---------- SUPPLIED DATA

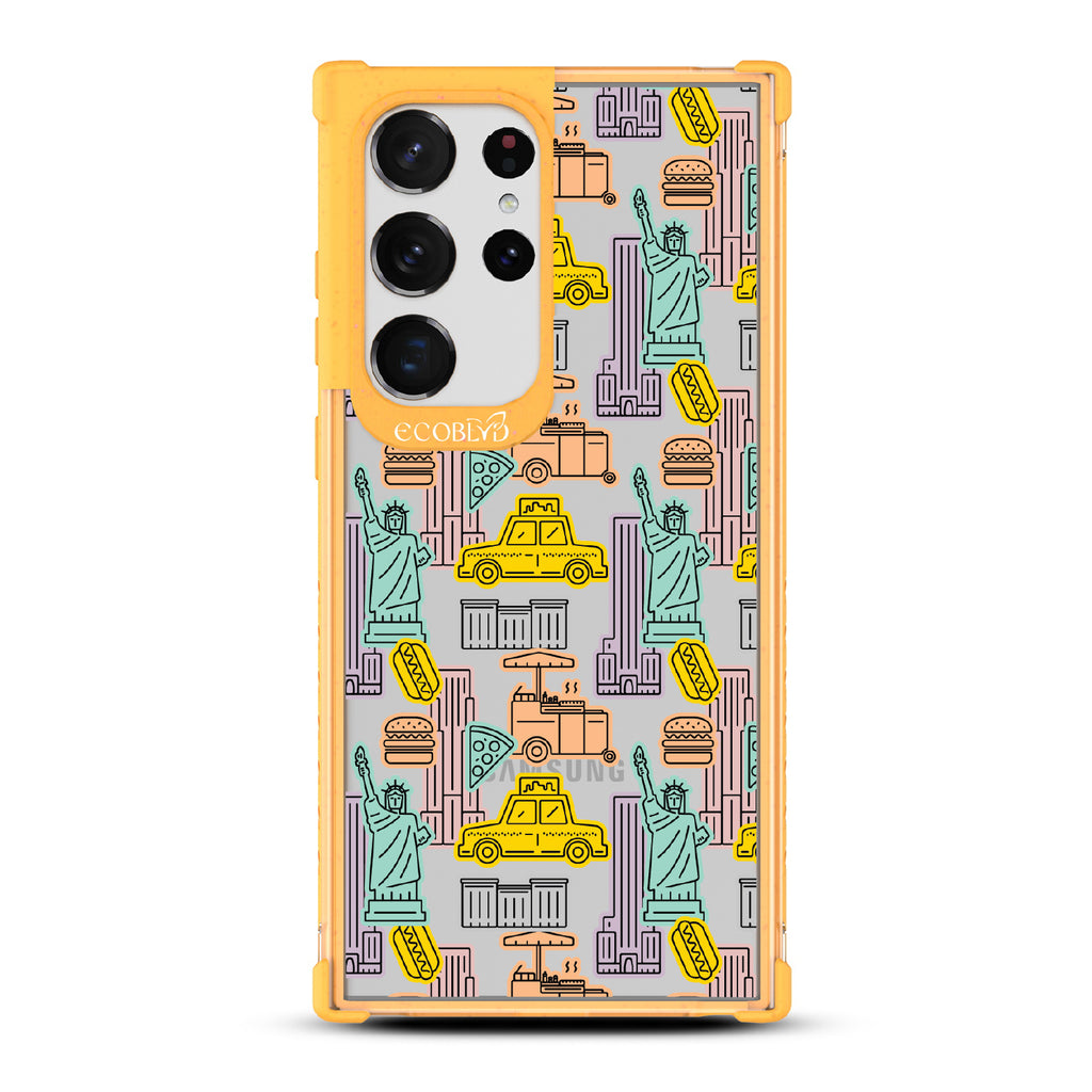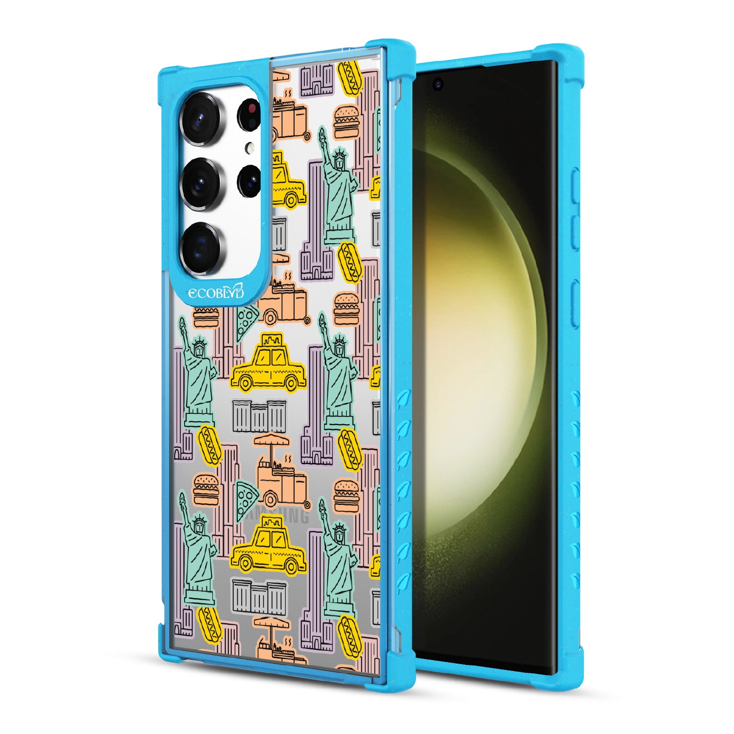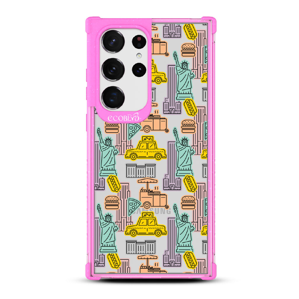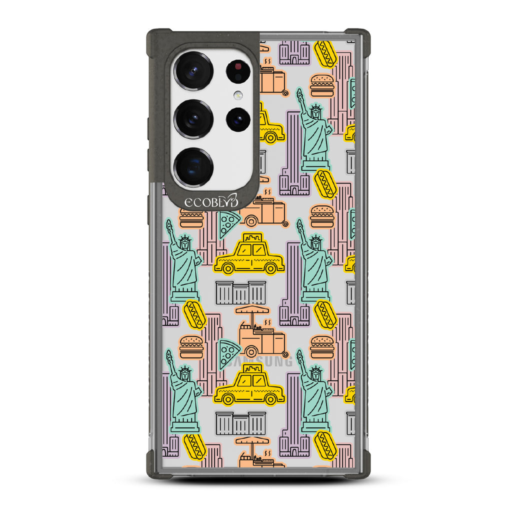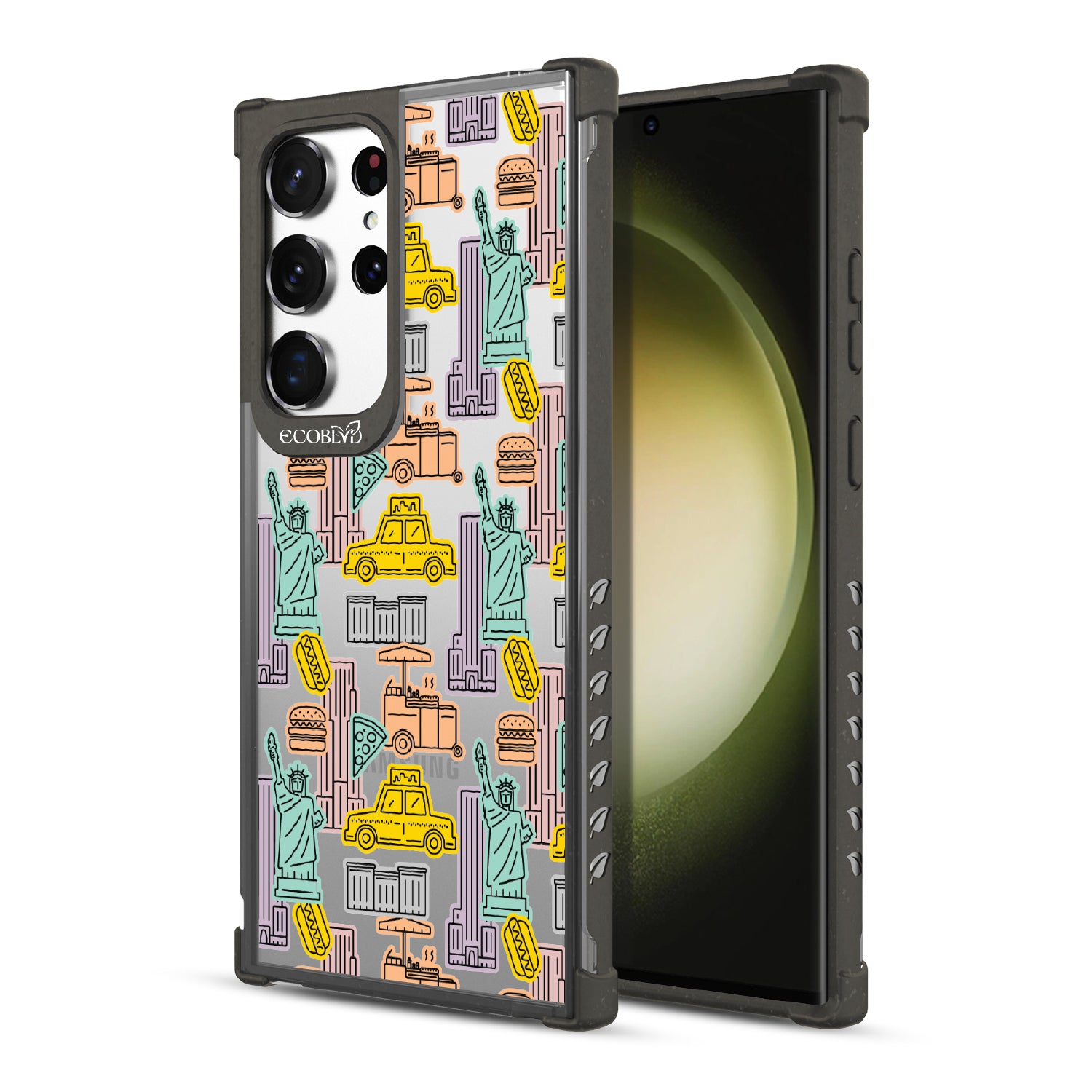 Capture the buzz of the city that never sleeps with the New York Minute design on our Laguna clear Galaxy S23 Ultra phone case. It's a slice of the Big Apple, with iconic yellow cabs, steaming hotdogs, and Lady Liberty herself, all wrapped up in that unmistakable NYC rhythm.
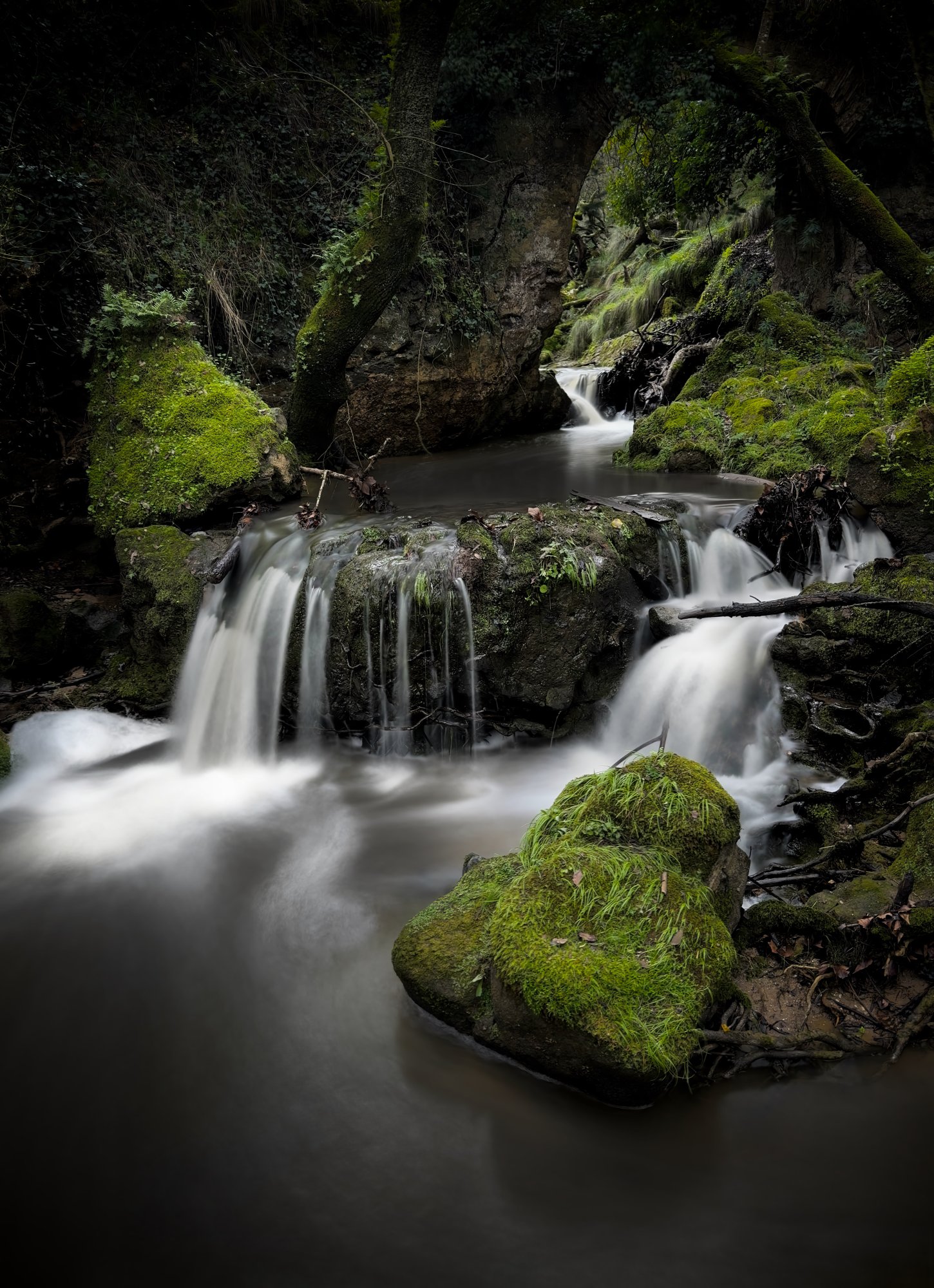 Very interesting, I know this is a comparison but normally we post one photo per day.Yesterday, I took my Olympus OM-1 and three lenses in a backpack to a park in Portugal and walked a couple of miles with all that gear. It was heavy and cumbersome to navigate the rain soaked ground near the streams. I took many shots with the liveND feature of the OM-1 but was only able to get about 3.2 seconds of hand-held stabilized shots of the rapids with the camera. In contrast, I was able to use an app called Light Stack on my iPhone 16 Pro to get 10 second shots saved as a PNG hand held. When I got back to my computer I was able to edit the files in Pixelmator Pro and didn't see much difference in the result - except maybe that the iPhone shots were better.
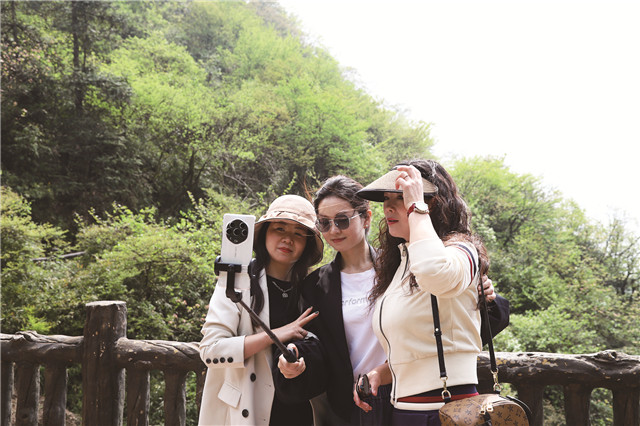近日,天氣晴好,記者在摩圍山景區(qū)看到,景區(qū)內(nèi)游客成群結(jié)隊,或在林中漫步,或找個地方坐下休息;年輕人多選擇在景區(qū)設(shè)計的打卡點(diǎn)自拍留影。
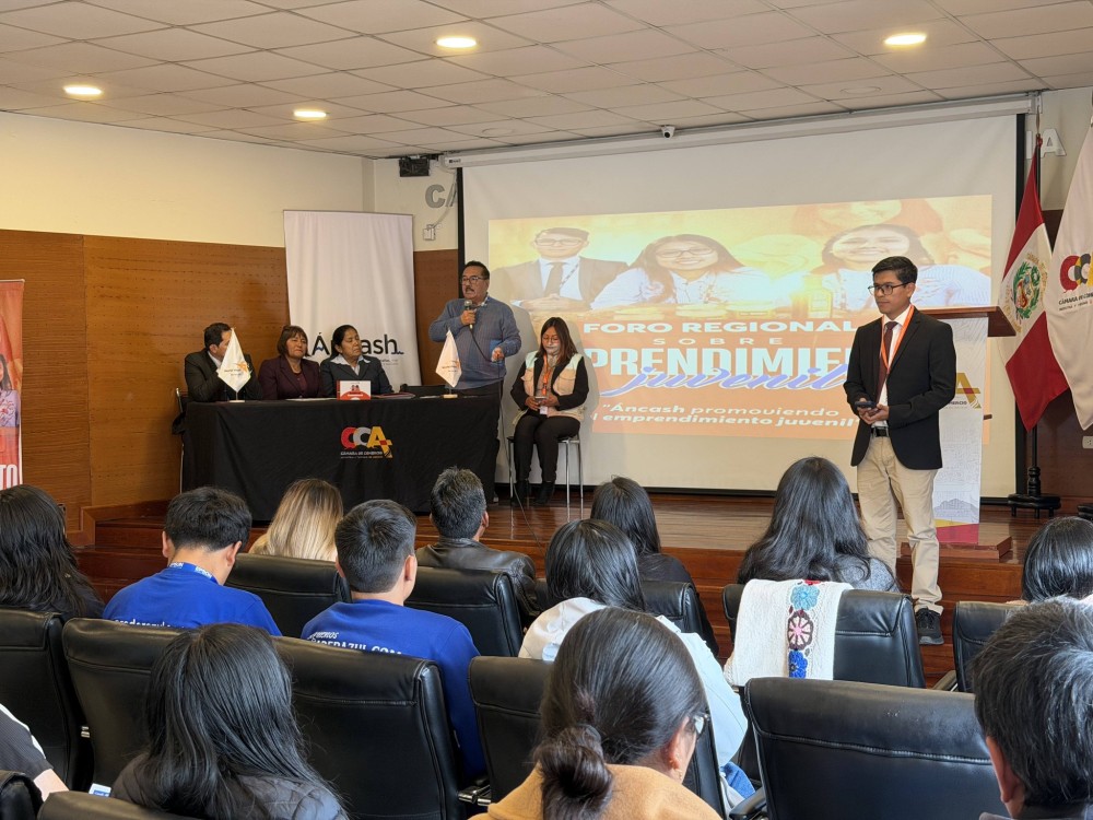 Áncash, 13 de marzo de 2026.– Luego de diversas reuniones de trabajo, la Mesa de Concertación para la Lucha contra la Pobreza (MCLCP) Áncash participó en el Foro Regional: “Promoviendo el emprendimiento juvenil en Áncash”, realizado en el auditorio de la Cámara de Comercio, Industria y Turismo de Áncash, con el objetivo de promover oportunidades laborales, formativas, de emprendimiento y voluntariado para jóvenes de 15 a 19 años, con énfasis en quienes no estudian ni trabajan ("ninis").
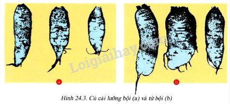 + Có thể nhận biết cây đa bội bằng mắt thường qua những dấu hiệu: Kích thước của cơ quan sinh dưỡng (tế bào xôma của cây rêu đa bội; thân, cành, lá của cây cà độc dược đa bội; củ cải đường đa bội) và cơ quan sinh sản (quả táo tứ bội) lớn hơn so với ở cây lưỡng bội.
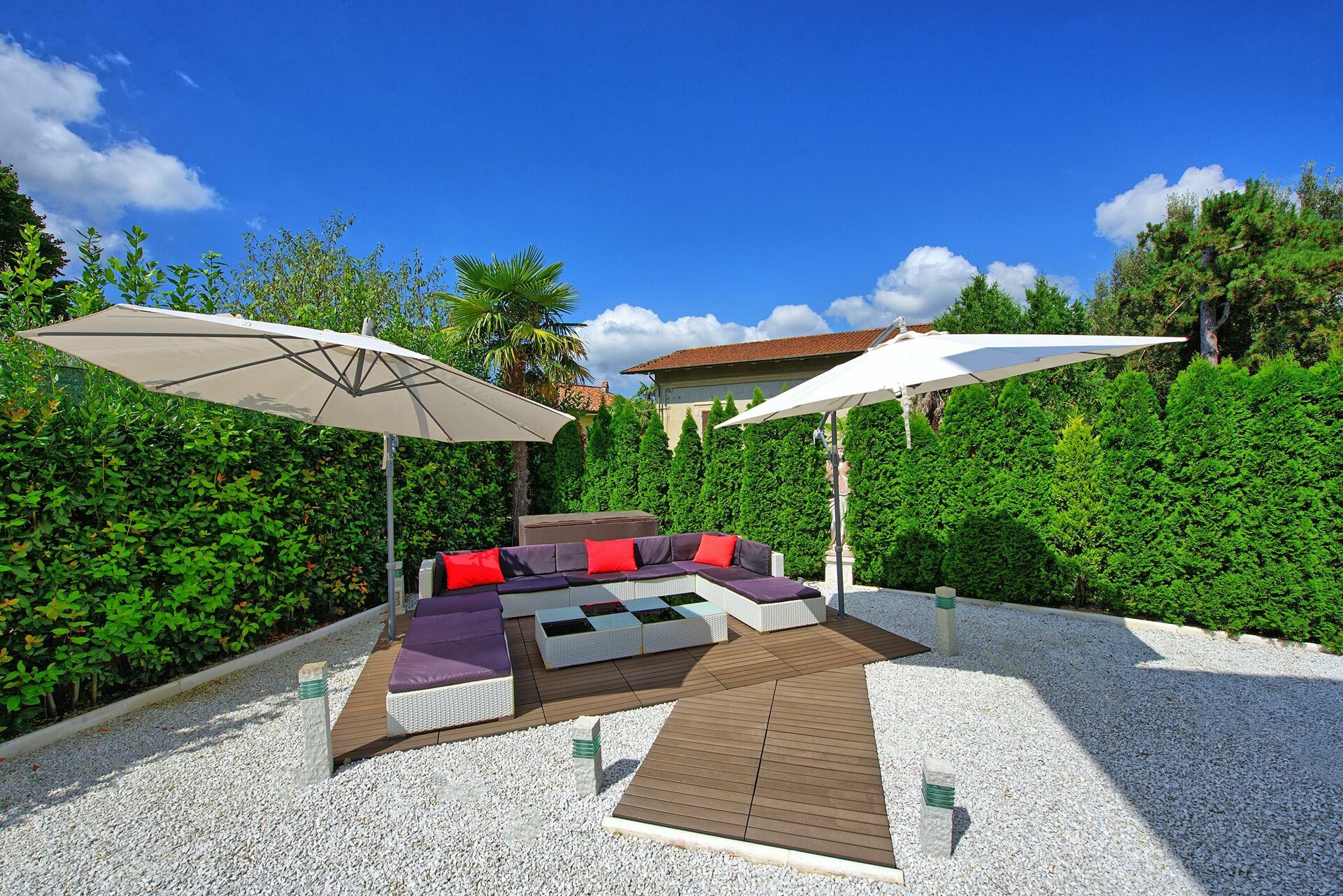De villa is omgeven door een zeer goed onderhouden tuin met comfortabel uitgeruste buitenruimtes (barbecue, banken, ligbedden, tafels en stoelen om buiten te kunnen eten) en een mooi privé zwembad.
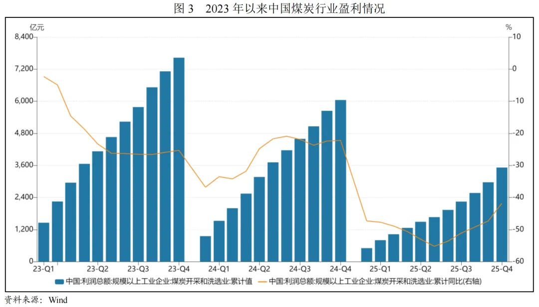 从煤炭企业盈利情况看,2025年,受煤炭价格震荡回落影响,煤炭企业整体盈利水平有所下降。2025年,全国规模以上煤炭企业实现利润总额3520.00亿元,同比下降41.80%。
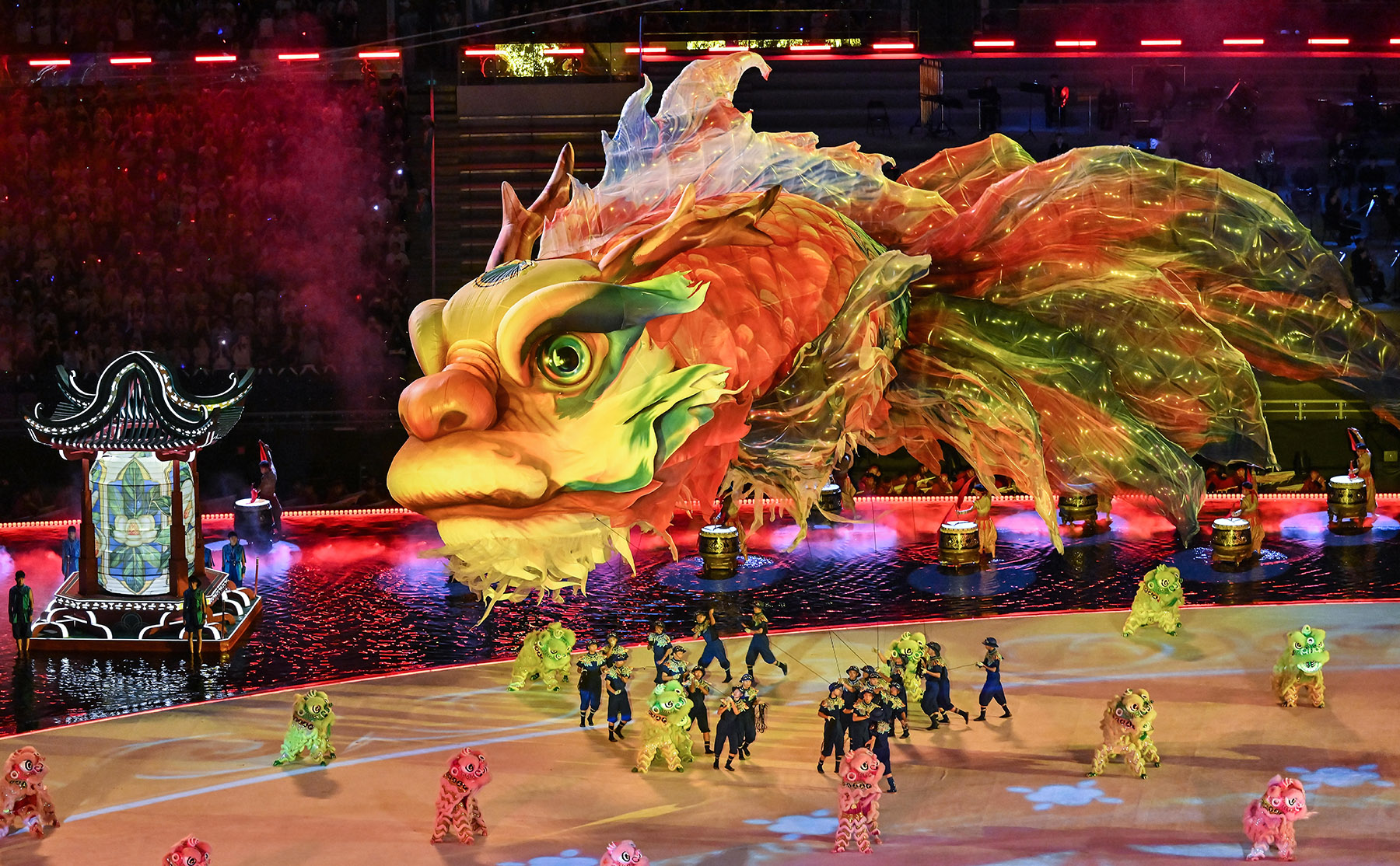 A mythical dragon-fish reborn as a glowing airborne masterpiece is a dazzling highlight of China's National Games, report Xing Wen in Zhuhai and Li Wenfang in Guangzhou.

--------------------

Pictures must not appear in the copy, and every record must be restated word for word.

 Capture the buzz of the city that never sleeps with the New York Minute design on our Laguna clear Galaxy S23 Ultra phone case. It's a slice of the Big Apple, with iconic yellow cabs, steaming hotdogs, and Lady Liberty herself, all wrapped up in that unmistakable NYC rhythm.
 Very interesting, I know this is a comparison but normally we post one photo per day.Yesterday, I took my Olympus OM-1 and three lenses in a backpack to a park in Portugal and walked a couple of miles with all that gear. It was heavy and cumbersome to navigate the rain soaked ground near the streams. I took many shots with the liveND feature of the OM-1 but was only able to get about 3.2 seconds of hand-held stabilized shots of the rapids with the camera. In contrast, I was able to use an app called Light Stack on my iPhone 16 Pro to get 10 second shots saved as a PNG hand held. When I got back to my computer I was able to edit the files in Pixelmator Pro and didn't see much difference in the result - except maybe that the iPhone shots were better.
近日,天氣晴好,記者在摩圍山景區(qū)看到,景區(qū)內(nèi)游客成群結(jié)隊,或在林中漫步,或找個地方坐下休息;年輕人多選擇在景區(qū)設(shè)計的打卡點(diǎn)自拍留影。
 Áncash, 13 de marzo de 2026.– Luego de diversas reuniones de trabajo, la Mesa de Concertación para la Lucha contra la Pobreza (MCLCP) Áncash participó en el Foro Regional: “Promoviendo el emprendimiento juvenil en Áncash”, realizado en el auditorio de la Cámara de Comercio, Industria y Turismo de Áncash, con el objetivo de promover oportunidades laborales, formativas, de emprendimiento y voluntariado para jóvenes de 15 a 19 años, con énfasis en quienes no estudian ni trabajan ("ninis").
 + Có thể nhận biết cây đa bội bằng mắt thường qua những dấu hiệu: Kích thước của cơ quan sinh dưỡng (tế bào xôma của cây rêu đa bội; thân, cành, lá của cây cà độc dược đa bội; củ cải đường đa bội) và cơ quan sinh sản (quả táo tứ bội) lớn hơn so với ở cây lưỡng bội.
De villa is omgeven door een zeer goed onderhouden tuin met comfortabel uitgeruste buitenruimtes (barbecue, banken, ligbedden, tafels en stoelen om buiten te kunnen eten) en een mooi privé zwembad.
 从煤炭企业盈利情况看,2025年,受煤炭价格震荡回落影响,煤炭企业整体盈利水平有所下降。2025年,全国规模以上煤炭企业实现利润总额3520.00亿元,同比下降41.80%。
 A mythical dragon-fish reborn as a glowing airborne masterpiece is a dazzling highlight of China's National Games, report Xing Wen in Zhuhai and Li Wenfang in Guangzhou.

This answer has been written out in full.